There are two traditional methods of cluster analysis: hierarchical cluster analysis and partional method. The most important method of partional methods is the k-means algorithm. K-means algorithm is the most popular and easiest method to perform cluster analysis. The problem of cluster analysis is considered one of the problems of nonlinear programming. Due to the disadvantages of k-means clustering, many evolutionary methods have emerged in recent decades such as genetic algorithm, particle swarm optimization (PSO), ant colony optimization (ACO), fuzzy optimization, artificial bee colony (ABC), simulated annealing (SA), differential evolution (DE), artificial immune system, an improved pigeon-inspired optimization (IPIO), monkey algorithm (MA), krill herd algorithm (KHA), bacterial foraging algorithm ‎(BFA), cat swarm optimization (CSO), etc.
This thesis introduces a new evolutionary algorithm using the genetic algorithm based k-means algorithm to perform cluster analysis.
This thesis consists of five main chapters. These chapters can be described in the following manner:
CHAPTER 1: The most important aim of this chapter is to introduce the basic concepts and definitions of cluster analysis and nonlinear programming. In addition, the classification of nonlinear programming is introduce.
CHAPTER 2: This chapter discusses the working principle and the Implementation of GA. Furthermore, the different ways of encoding; selection, crossover, and mutation are presented. Also, in this chapter, k-means algorithm is presented. In addition, a survey of researches to solve cluster analysis using the hybrid between genetic algorithm and k-means algorithm.
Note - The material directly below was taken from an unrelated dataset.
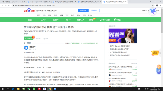 小丽是药学专业的一名本科生,现已从事药学专业的工作,目前她想考取一个资格证,但是报名条件中要求其工作满三年。那么,小丽想考取的是什么证。(请回答并附截图证明。)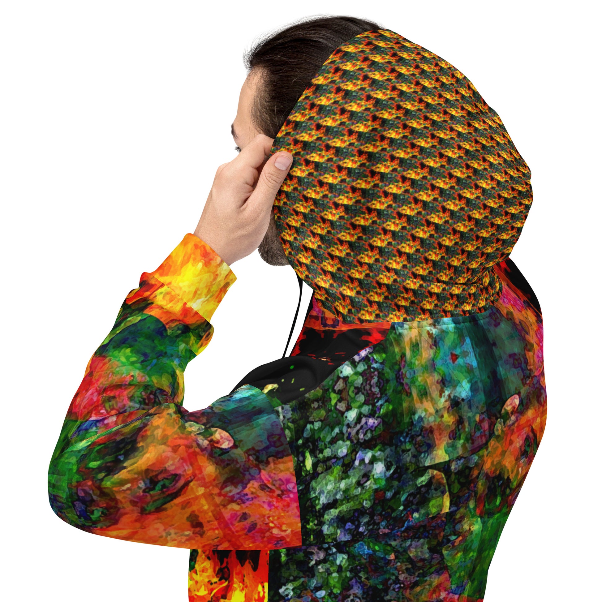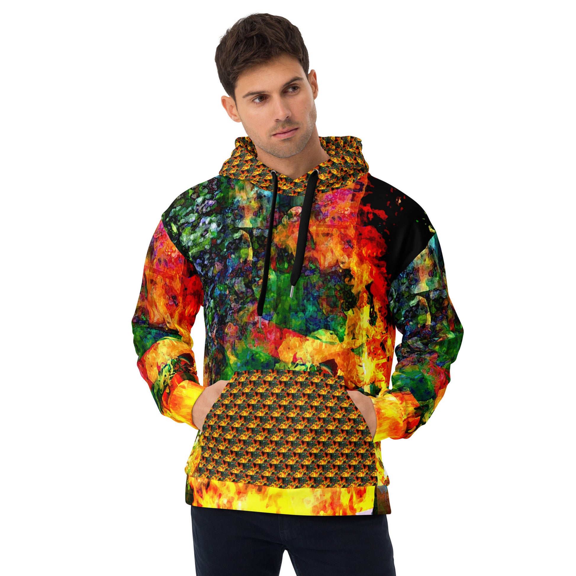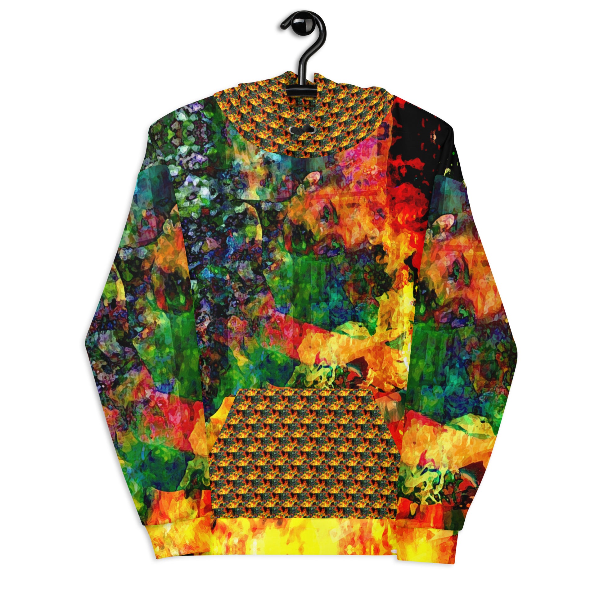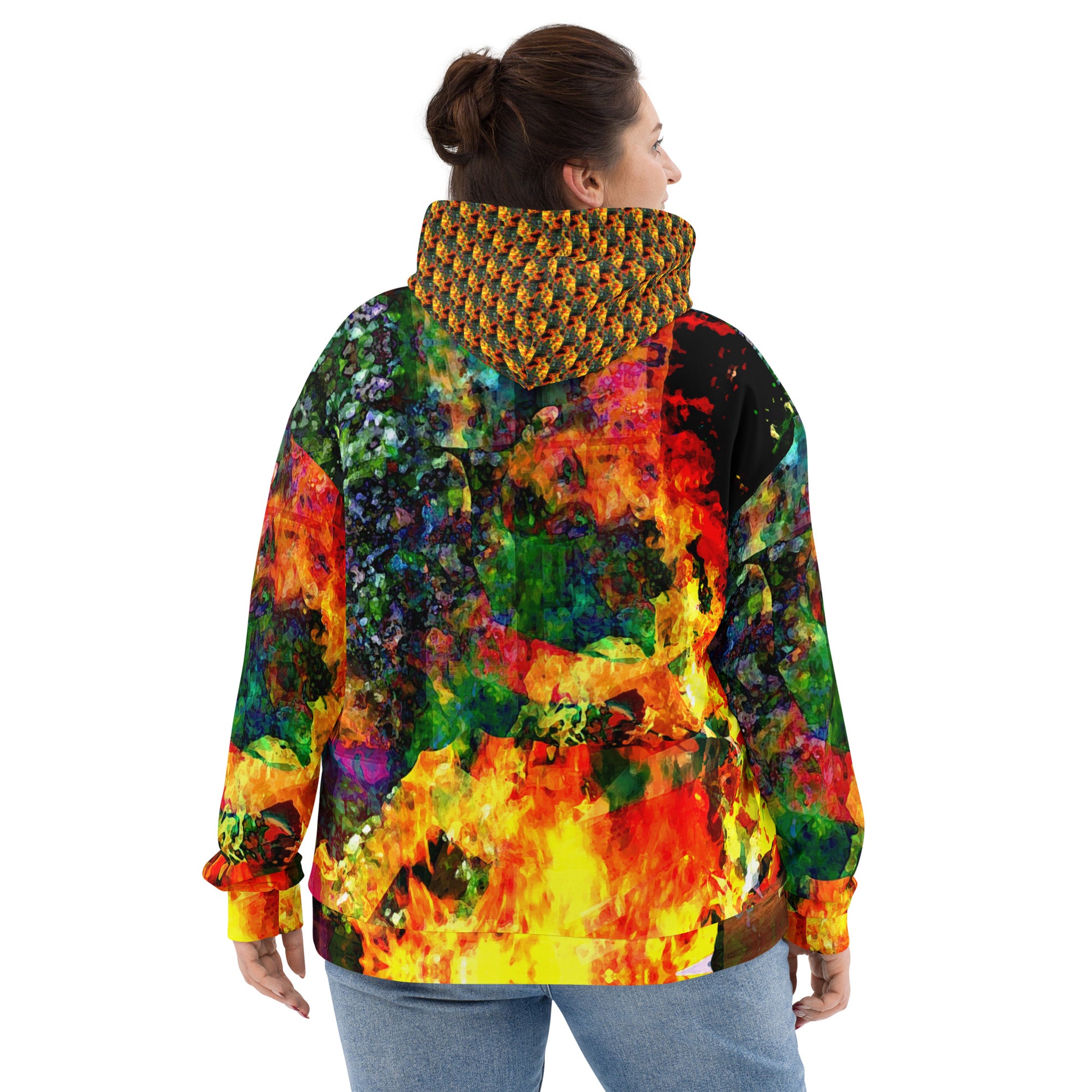 This comfy unisex hoodie has a soft outside with a vibrant print and an even softer brushed fleece inside. The hoodie has a relaxed fit, and it’s perfect for wrapping yourself into on a chilly evening.

CHAPTER 3: This chapter proposed a new methodology to perform cluster analysis based on genetic algorithm (GA). Firstly, the population of GA is initialized by kmeans algorithm to reach the best centers of clusters. Secondly, the GA operators are applied. New mutation is proposed depending on the extreme points in clusters groups to overcome the limitations of k-means algorithm. Finally, the proposed approach is applied on a set of problems consists of a non-overlapping data and large datasets with high dimensionality from machine learning repository (UCI).
CHAPTER 4: In this chapter, the algorithm provided in the chapter 3 is applied to perform cluster analysis, to real world applications: image segmentation and electrical engineering to find the optimal place for the distribution generator.
CHAPTER 5: This chapter describes some concluding remarks, recommendations, and some points for further researches.